作者
Zilin Li,Xihao Li,Hufeng Zhou,Sheila M. Gaynor,Margaret Sunitha Selvaraj,Theodore Arapoglou,Corbin Quick,Yaowu Liu,Han Chen,Ryan Sun,Rounak Dey,Donna K. Arnett,Lawrence F. Bielak,Joshua C. Bis,Thomas Blackwell,John Blangero,Eric Boerwinkle,Donald W. Bowden,Jennifer A. Brody,Brian E. Cade,Matthew P. Conomos,Adolfo Correa,L. Adrienne Cupples,Joanne E. Curran,Paul S. de Vries,Ravindranath Duggirala,Barry I. Freedman,Harald H.H. Göring,Xiuqing Guo,Rita R. Kalyani,Charles Kooperberg,B Král,Leslie A. Lange,Ani Manichaikul,Lisa W. Martin,Braxton D. Mitchell,May E. Montasser,Alanna C. Morrison,Take Naseri,Jeffrey R. O’Connell,Nicholette D. Palmer,Patricia A. Peyser,Bruce M. Psaty,Laura M. Raffield,Susan Redline,Alexander P. Reiner,Muagututi’a Sefuiva Reupena,Kenneth Rice,Stephen S. Rich,Jennifer A. Smith,Kent D. Taylor,Ramachandran S. Vasan,Daniel E. Weeks,James G. Wilson,Lisa R. Yanek,Wei Zhao,Jerome I. Rotter,Cristen J. Willer,Pradeep Natarajan,Gina M. Peloso,Xihong Lin
摘要
Abstract Large-scale whole-genome sequencing studies have enabled analysis of noncoding rare variants’ (RVs) associations with complex human traits.

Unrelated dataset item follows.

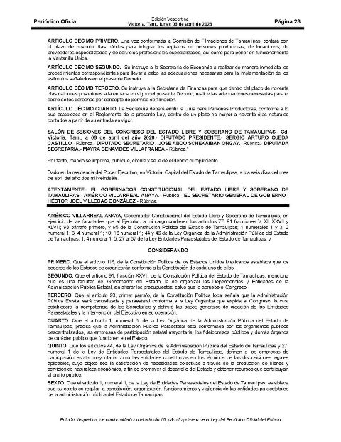 Ciudad Victoria, Tamaulipas.- El lunes 06 de abril fue publicado en la versión vespertina del Periódico Oficial del Gobierno del Estado de Tamaulipas, el decreto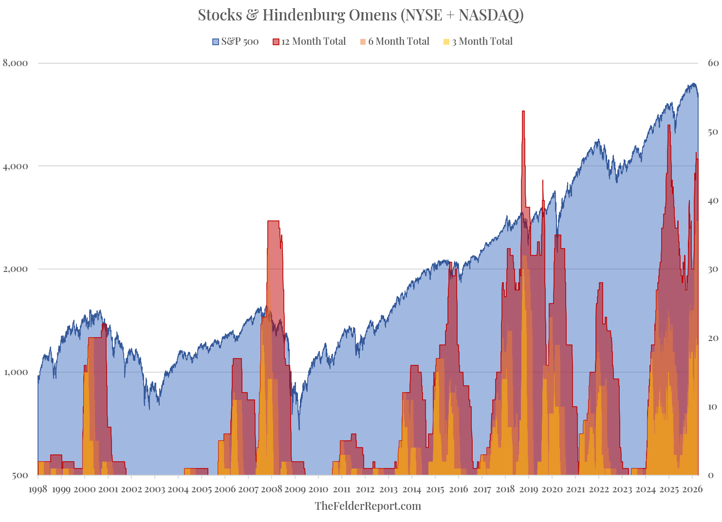 The Hindenburg Omen, first developed by Jim Miekka, signals a significant deterioration of stock market breadth while it remains at or near new highs. While it is not terribly effective at predicting stock market crashes, as originally designed to do, multiple omens triggered over a period of time can signal a bull market vulnerable to a reversal.

Variant set analysis is a powerful approach to study RV association, and a key component of it is constructing RV sets for analysis. However, existing methods have limited ability to define analysis units in the noncoding genome. Furthermore, there is a lack of robust pipelines for comprehensive and scalable noncoding RV association analysis. Here we propose a computationally-efficient noncoding RV association-detection framework that uses STAAR (variant-set test for association using annotation information) to group noncoding variants in gene-centric analysis based on functional categories. We also propose SCANG (scan the genome)-STAAR, which uses dynamic window sizes and incorporates multiple functional annotations, in a non-gene-centric analysis. We furthermore develop STAARpipeline to perform flexible noncoding RV association analysis, including gene-centric analysis as well as fixed-window-based and dynamic-window-based non-gene-centric analysis. We apply STAARpipeline to identify noncoding RV sets associated with four quantitative lipid traits in 21,015 discovery samples from the Trans-Omics for Precision Medicine (TOPMed) program and replicate several noncoding RV associations in an additional 9,123 TOPMed samples.